2. Mocks `node_get_by_id` so nodes are always found — isolating retry-exhaustion removal from "fell off consensus" removal.
3. Runs **6 rounds** of circuit turnover (`MAX_INTRO_POINT_CIRCUIT_RETRIES + 3 = 6`): each round increments retries (simulating `launch_intro_point_circuits()` at `hs_service.c:3005`) then opens the circuit via `hs_service_circuit_has_opened()`.
4. Runs **`run_housekeeping_event()`** — the actual production housekeeping that calls `should_remove_intro_point()` → `cleanup_intro_points()`.
5. Asserts all 3 intro points survive.
**Without the fix:** retries accumulate to 6 (> MAX=3), so housekeeping removes every intro point, leaving zero — service unreachable. Test fails with `tt_u64_op(remaining, OP_EQ, num_ips)` assertion at end of test.

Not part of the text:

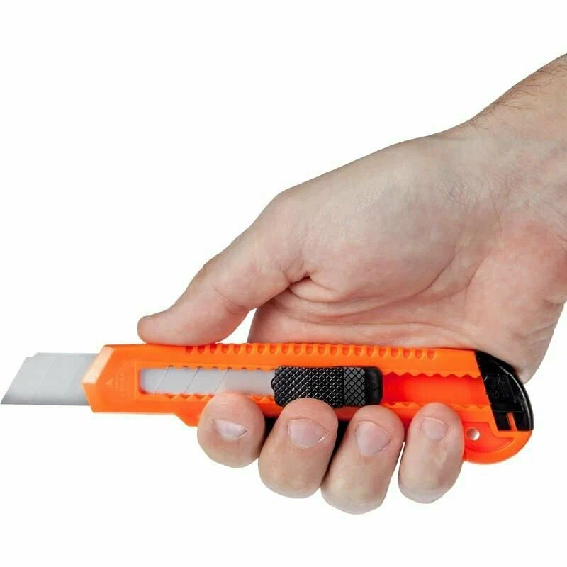 Он оснащён эргономичной рукояткой и острым сегментированным лезвием, ширина которого – 18 мм, а толщина – 0.5 мм. Такой инструмент без труда справляется с различными материалами. Корпус канцелярского ножа выполнен из пластика. Материал лезвия – сталь. Нож канцелярский строительный отличается высокой прочностью. Поэтому он будет долгое время радовать в работе. Кроме того, у ножа есть механизм фиксации лезвия, тип – защелка. Он позволяет без труда отрегулировать длину режущей части и надёжно закрепить её положение. Инструмент отлично подходит, например, для резки бумаги, распечатывания корреспонденции и посылок. Меры предосторожности:– при работе с лезвиями используйте средства защиты;– не утилизируйте лезвия с бытовыми отходами;– хранить в недоступном для детей месте.
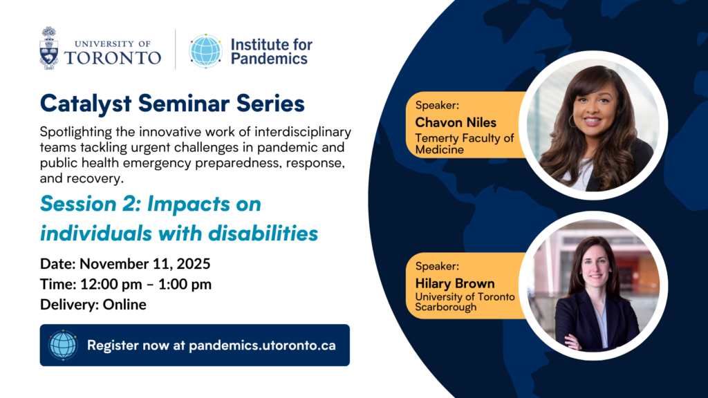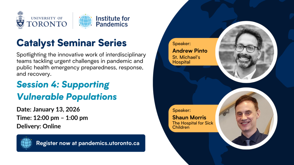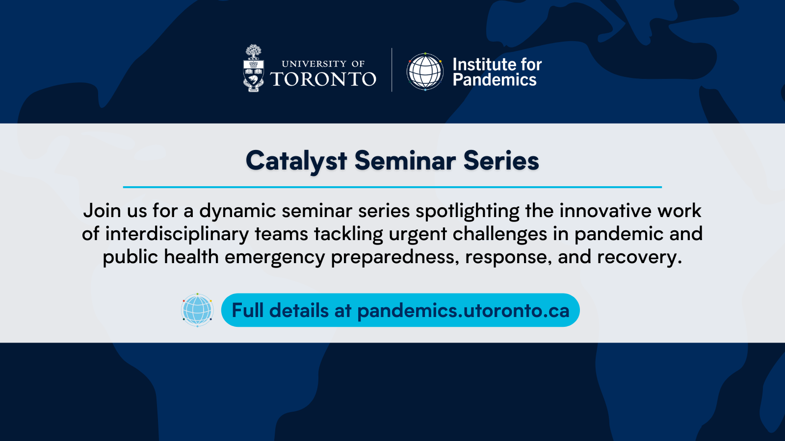 Join us for Catalyst Series, a dynamic seminar series showcasing groundbreaking research funded by the Institute for Pandemics' (IfP) Catalyst and Research Development Grants. Since 2023, IfP has provided over $1 million to research teams at the University of Toronto, to support collaborative, interdisciplinary research projects. These presentations spotlight the innovative work of interdisciplinary teams tackling urgent challenges in pandemic preparedness, response, and recovery.

**With the fix:** each successful open resets retries to 0, so housekeeping never sees retries exceeding the limit. All 3 intro points survive. Test passes.
---
## Fix
Reset `ip->circuit_retries = 0` when an intro circuit successfully opens, in `hs_circ_service_intro_has_opened()` at `src/feature/hs/hs_circuit.c`. A successful circuit open means the relay is reachable — the counter should only track consecutive failures.
---
## Debian-Specific Patches Checked
No Debian patches modify hidden service circuit logic. The issue exists upstream.